## About this task
Would you repeat the listing exactly, without any of its images?

## Data below
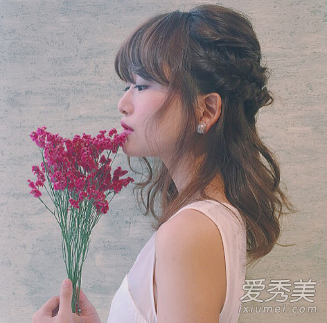 你也可以添加一些编结的头发,像公主的头一样从两边拉一些头发,扭曲它并用夹子固定它。稍微浪漫一点的小女人氛围,普通的约会或者出去玩都很合适!
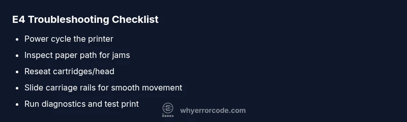 In HP printers, error code E4 is a fault indicator that something in the print carriage path is not moving freely or is blocked. The exact sub-cause can vary by model, but you can approach it as a carriage/jam or a sensor issue. E4 is more common on inkjet units where the print head travels along rails. Because the error is often mechanical, a quick, safe sequence of checks is recommended before diving into service manuals. The key is to verify physical obstructions, confirm the carriage can move freely, and ensure cartridges are seated properly. Remember that printer electronics are sensitive; avoid forcing any components and disconnect power when you handle internal parts. When in doubt, consult HP’s official documentation or Why Error Code’s diagnostic framework for model-specific guidance. This is a situation where a structured, calm approach minimizes damage and speeds up resolution, especially for developers and IT pros troubleshooting in an office environment. According to Why Error Code, starting with the simplest checks often resolves the issue without professional service—and that mindset saves time and cost.
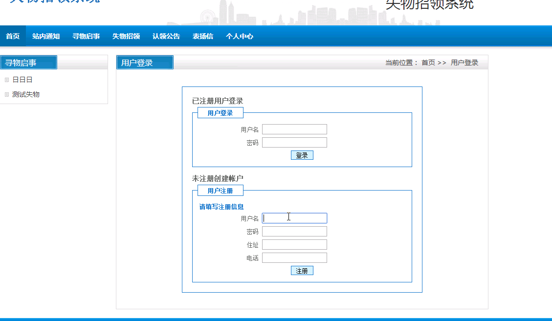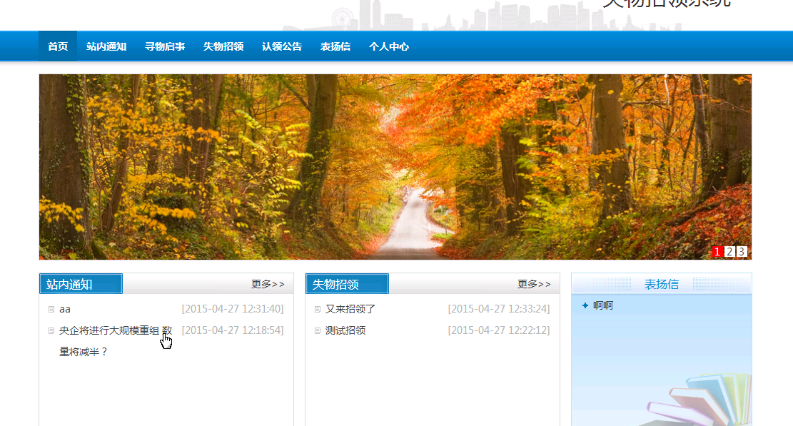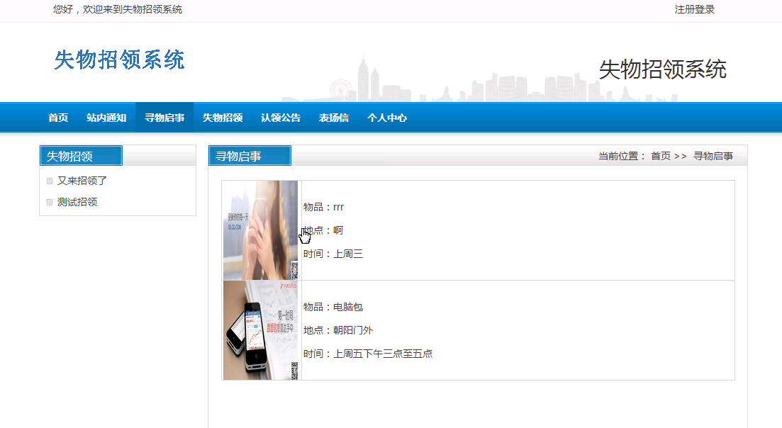 摘要:失物招领系统是鉴于现今我国现状,为了帮助更多的人更加方便快捷得找回他们丢失的物品而设立的一个平台。在这个网络日益发展的时代,网上寻物成为最简单方便的方式,只需要坐在家里就可以清清楚楚地知道自己丢失物品的情况。基于目前国内该系统也是初步投入使用,在功能和应用方面还有待完善,我们加入自己的新点子,这个系统在以后应该会得到广泛的应用并日臻完善。该项目的主要用户包括一些学校,政府机关和大型企业等。
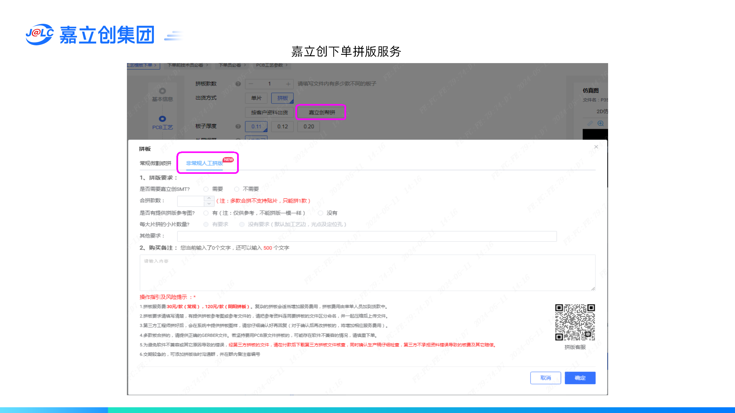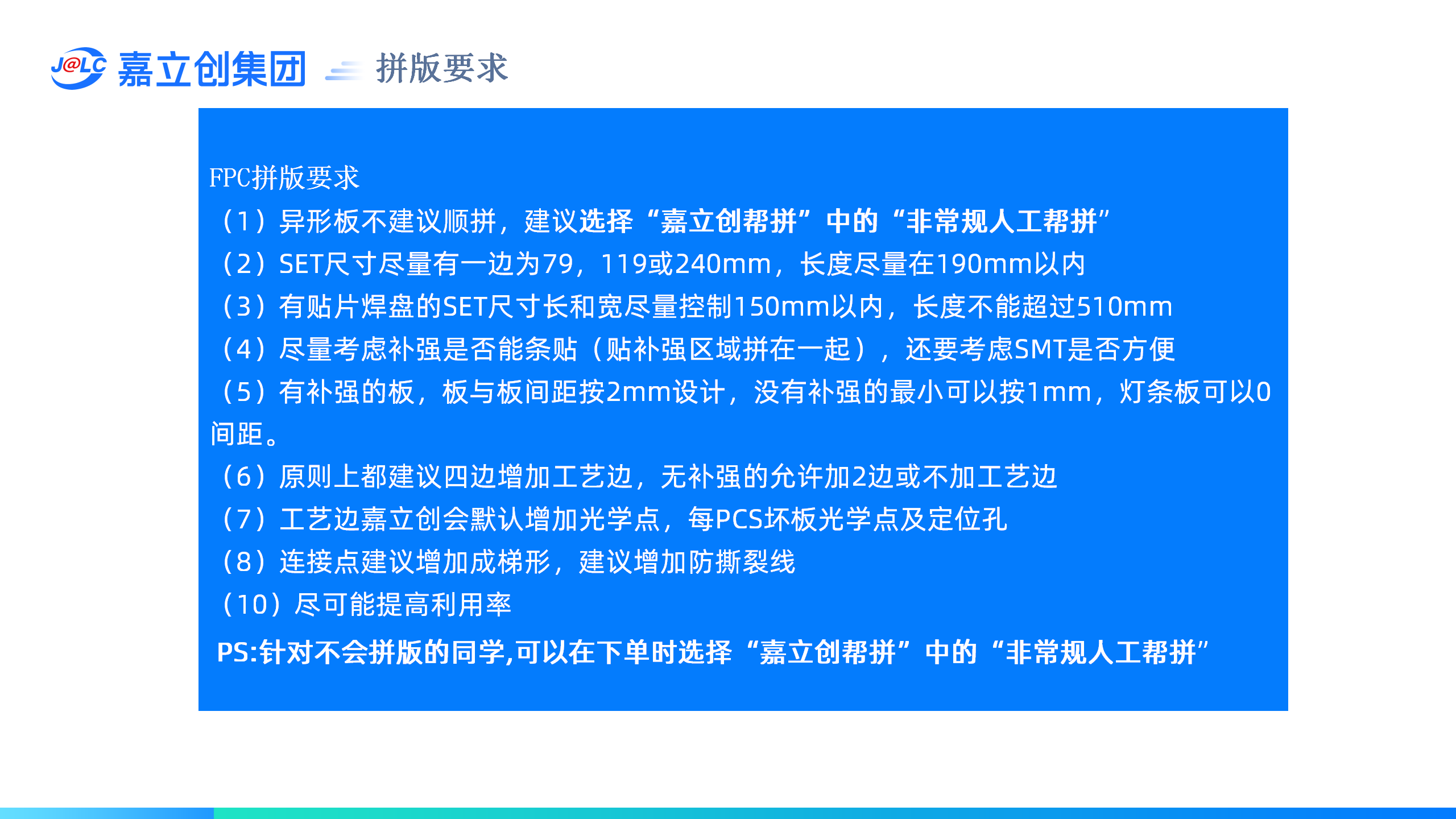 FPC拼版要求:针对不会拼版的同学,可以在下单时选择“嘉立创帮拼”中的“非常规人工帮拼”

## Task result
 你也可以添加一些编结的头发,像公主的头一样从两边拉一些头发,扭曲它并用夹子固定它。稍微浪漫一点的小女人氛围,普通的约会或者出去玩都很合适!
 In HP printers, error code E4 is a fault indicator that something in the print carriage path is not moving freely or is blocked. The exact sub-cause can vary by model, but you can approach it as a carriage/jam or a sensor issue. E4 is more common on inkjet units where the print head travels along rails. Because the error is often mechanical, a quick, safe sequence of checks is recommended before diving into service manuals. The key is to verify physical obstructions, confirm the carriage can move freely, and ensure cartridges are seated properly. Remember that printer electronics are sensitive; avoid forcing any components and disconnect power when you handle internal parts. When in doubt, consult HP’s official documentation or Why Error Code’s diagnostic framework for model-specific guidance. This is a situation where a structured, calm approach minimizes damage and speeds up resolution, especially for developers and IT pros troubleshooting in an office environment. According to Why Error Code, starting with the simplest checks often resolves the issue without professional service—and that mindset saves time and cost.
 摘要:失物招领系统是鉴于现今我国现状,为了帮助更多的人更加方便快捷得找回他们丢失的物品而设立的一个平台。在这个网络日益发展的时代,网上寻物成为最简单方便的方式,只需要坐在家里就可以清清楚楚地知道自己丢失物品的情况。基于目前国内该系统也是初步投入使用,在功能和应用方面还有待完善,我们加入自己的新点子,这个系统在以后应该会得到广泛的应用并日臻完善。该项目的主要用户包括一些学校,政府机关和大型企业等。
 FPC拼版要求:针对不会拼版的同学,可以在下单时选择“嘉立创帮拼”中的“非常规人工帮拼”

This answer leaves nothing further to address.